Previously, Anamosa and Clarinda were some of the most dramatic examples of prison gerrymandering in the country. The situation in Anamosa was so acute that the city got national attention in 2008 when there were no candidates for city council, resulting in a city resident being elected to the Anamosa City Council with just two write-in votes (neither of them his). Unfortunately for Anamosa, the state of Iowa is one of a handful of states in which state law requires the use of federal Census data for city redistricting even though the Census Bureau tabulates incarcerated people in a way that is incompatible with other parts of state law. The Census Bureau tabulates incarcerated people as if they were residents of the location of the correctional facility, but that’s at odds with Iowa law that states that a residence is “a fixed or permanent abode or habitation to which the party, when absent, intends to return.” A prison does not fit this definition because incarcerated people do not intend to live at the prison and certainly do not intend to return there “when absent.” The Anamosa City Council felt that the only way to avoid prison gerrymandering was to get rid of its wards.

A few years ago, Clarinda residents, led by Charlie Richardson, also voted to get rid of their ward system when a councilman was forced to resign from the council when he moved to another ward.
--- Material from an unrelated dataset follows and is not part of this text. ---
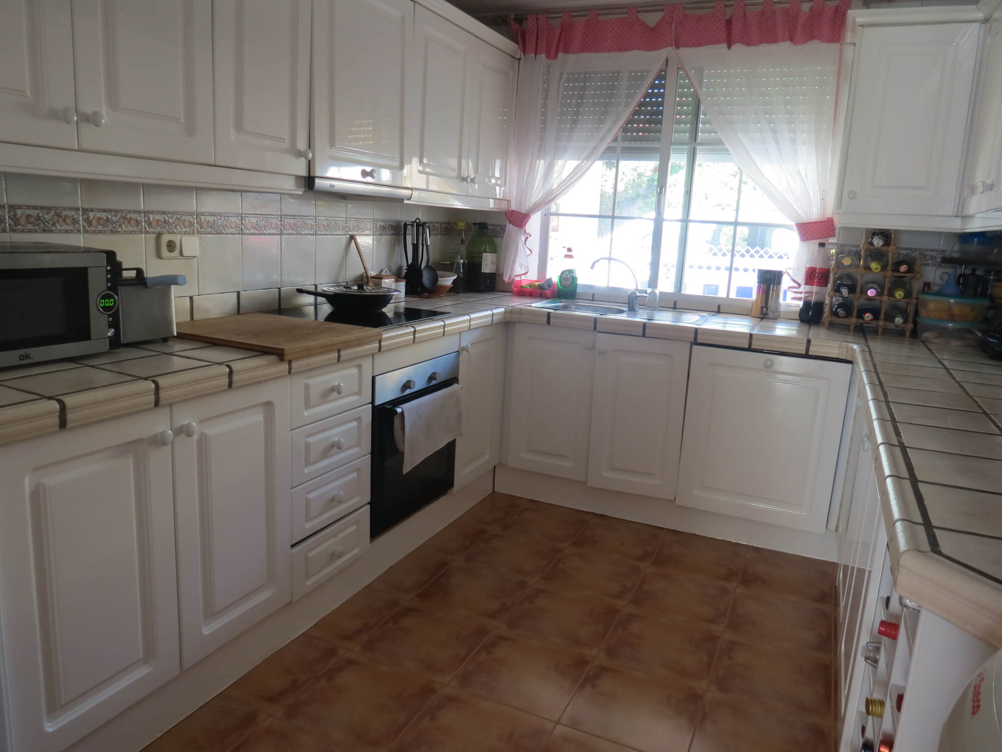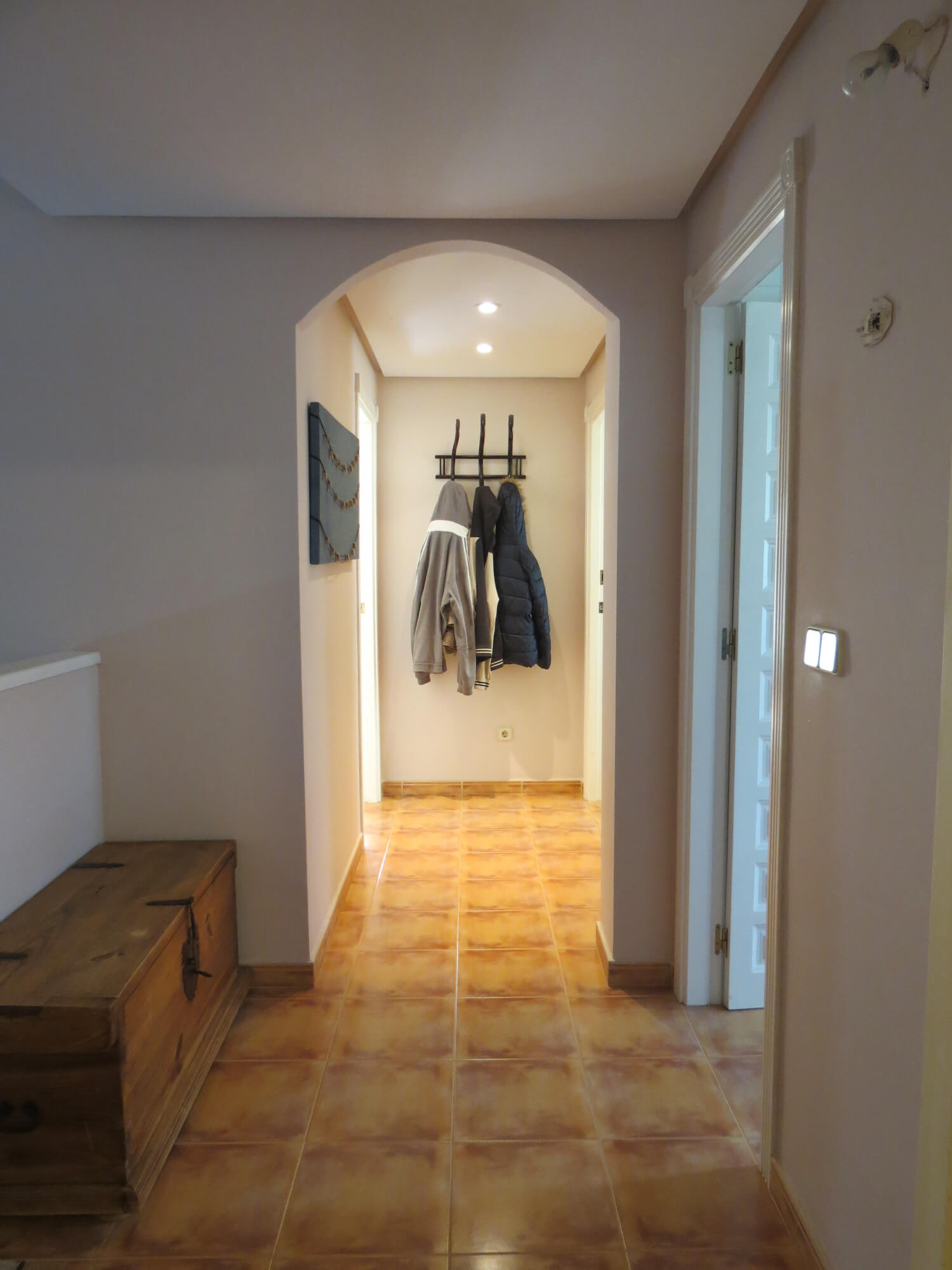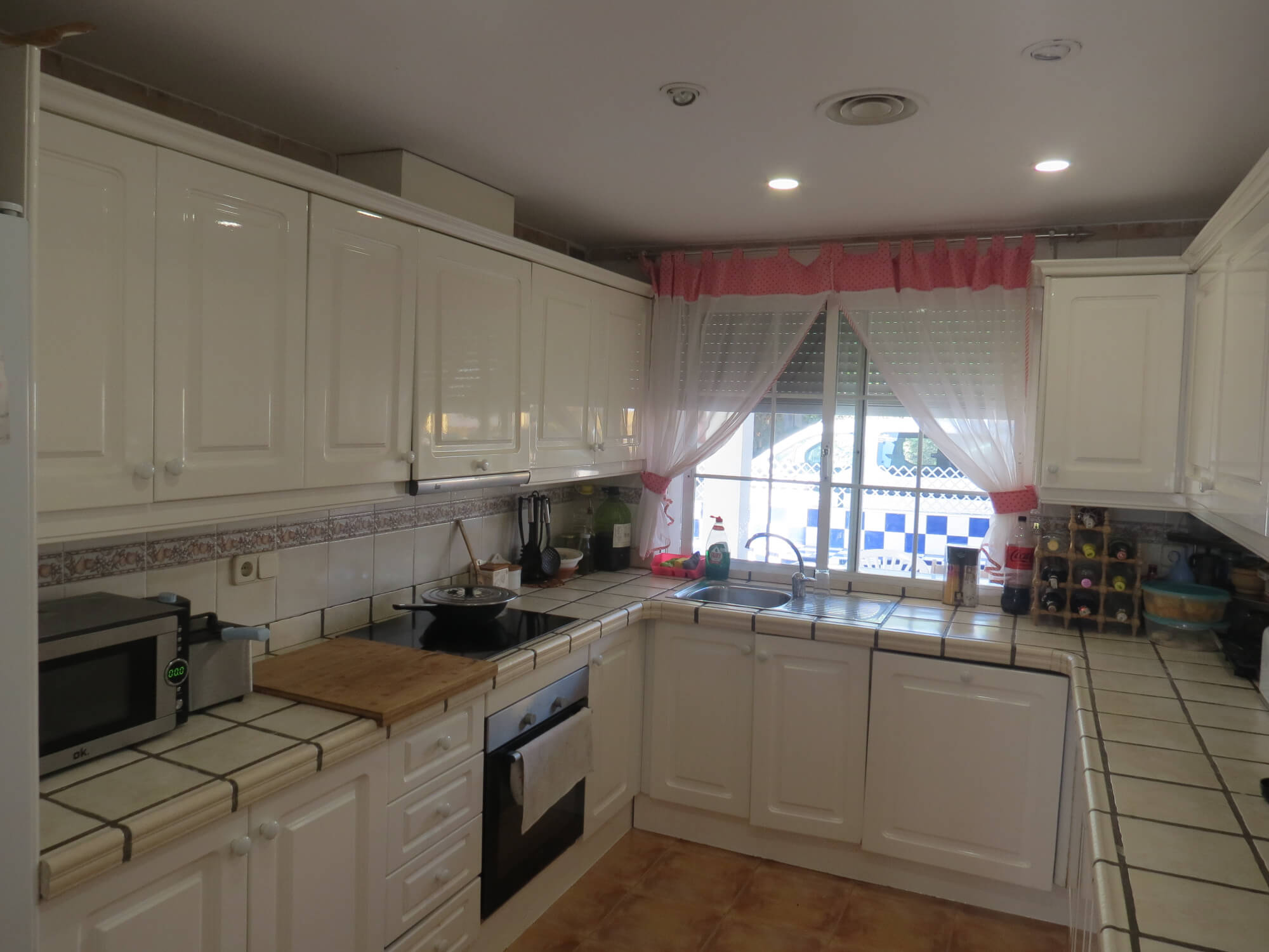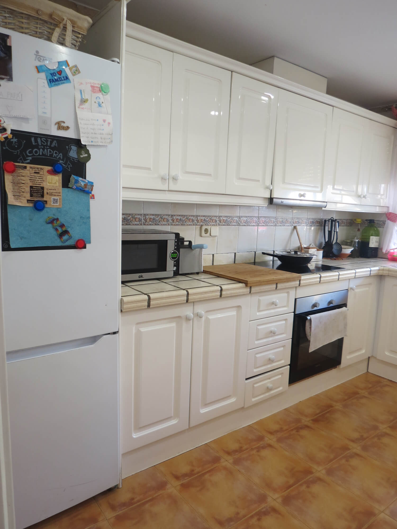 En la segunda planta cuenta con tres amplios dormitorios con armarios empotrados y ventiladores de techo, un baño totalmente equipado con placa de ducha y una gran terraza. Todas las estancias exteriores con mucha luz. Suelo de terrazo, puertas de madera lacadas en blanco y ventanas de aluminio blanco.

Normally, this wouldn’t be a problem, but Clarinda was already having a difficult time finding individuals interested in serving on the council. Richardson thought that it was an even worse situation “when you have an experienced council person that would have to resign because of moving” so he started gathering petition signatures, and, in November 2012, the move to at-large elections appeared on the ballot.

Beyond Clarinda’s private struggles recruiting council candidates, the prison in Clarinda clearly skewed voter representation. While each of Clarinda’s three wards had approximately 1,800 residents on paper, the north ward was home to the Clarinda Correctional Facility where approximately 1,000 individuals confined in that facility constituted 50% of the ward’s population. An individual living in the north ward had twice the political clout of people in any other ward.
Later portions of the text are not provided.